ABOUT THIS TASK:
Quote only the lines that start at the line with "3-piece Down Duvet" and run to the end of the entries; omit the pictures.

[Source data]
········

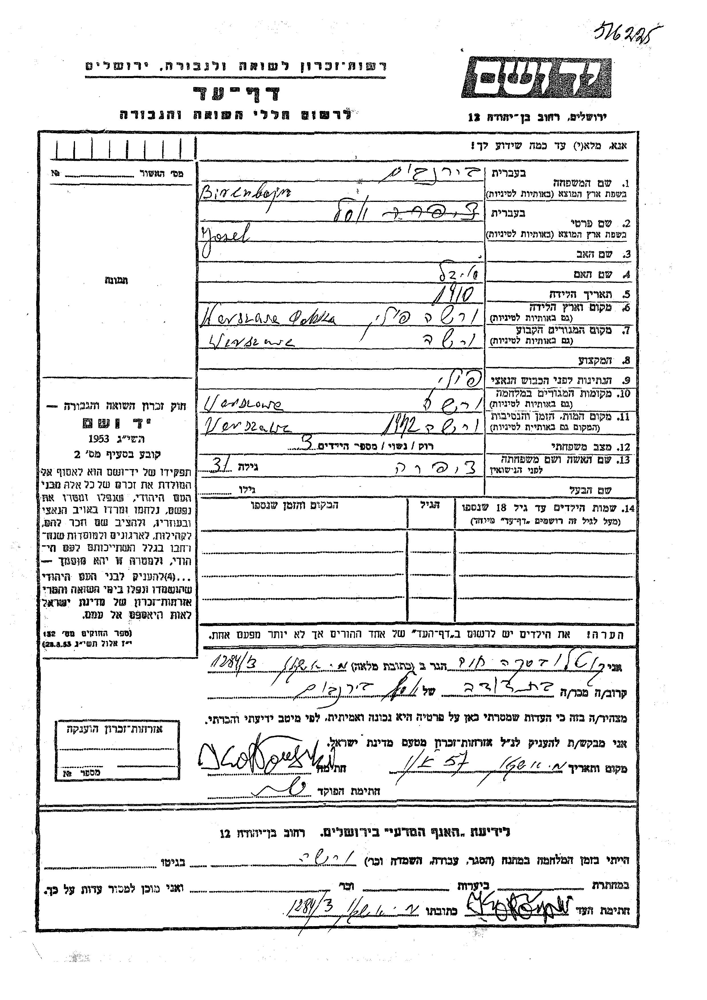 Yosel Birenbojm wurde im Jahr 1910 in Warszawa, Polen geboren. Er war der Sohn von Idl. Er war mit Tzipora Verheiratet. Vor dem Zweiten Weltkrieg lebte er in Warszawa, Polen. Während des Krieges war er in Warszawa, Polen.
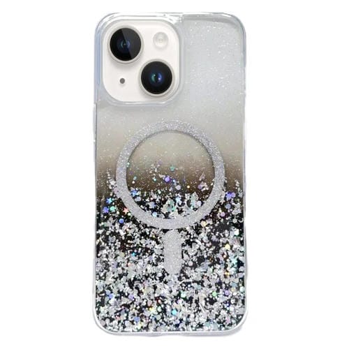 For iPhone 15 Plus MagSafe Hybrid Phone Case Gradient Glitter TPU PC Case (Gradient Black)
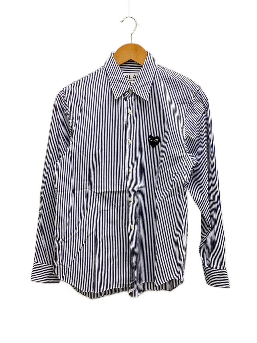 > PLAY COMME des GARCONS◆STRIPED L/S SHIRT/長袖シャツ/XS/コットン/BLU/ストライプ/AX-B018
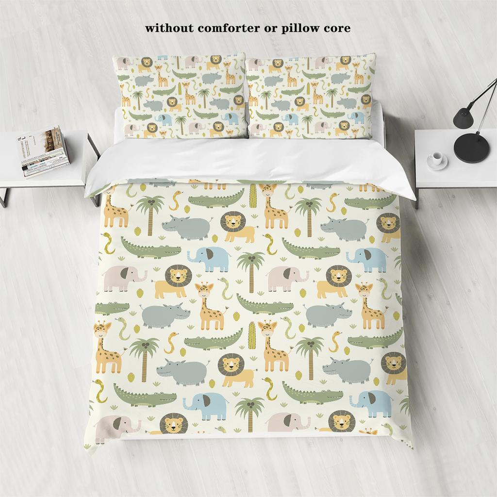 3-piece Down Duvet Cover Set with Cartoon Dinosaur Lion Pattern Print (1 Duvet Cover+2 Pillowcases, No Core) Soft Bedding Set
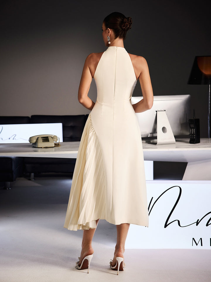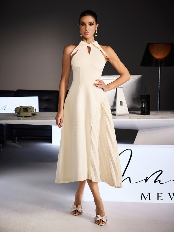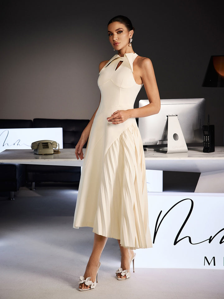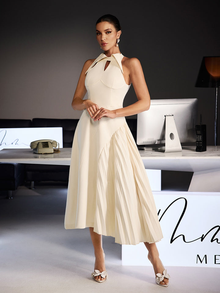 Llywelya Collar Pleated Midi Dress

········

ANSWER FOR THE TASK:
 3-piece Down Duvet Cover Set with Cartoon Dinosaur Lion Pattern Print (1 Duvet Cover+2 Pillowcases, No Core) Soft Bedding Set
 Llywelya Collar Pleated Midi Dress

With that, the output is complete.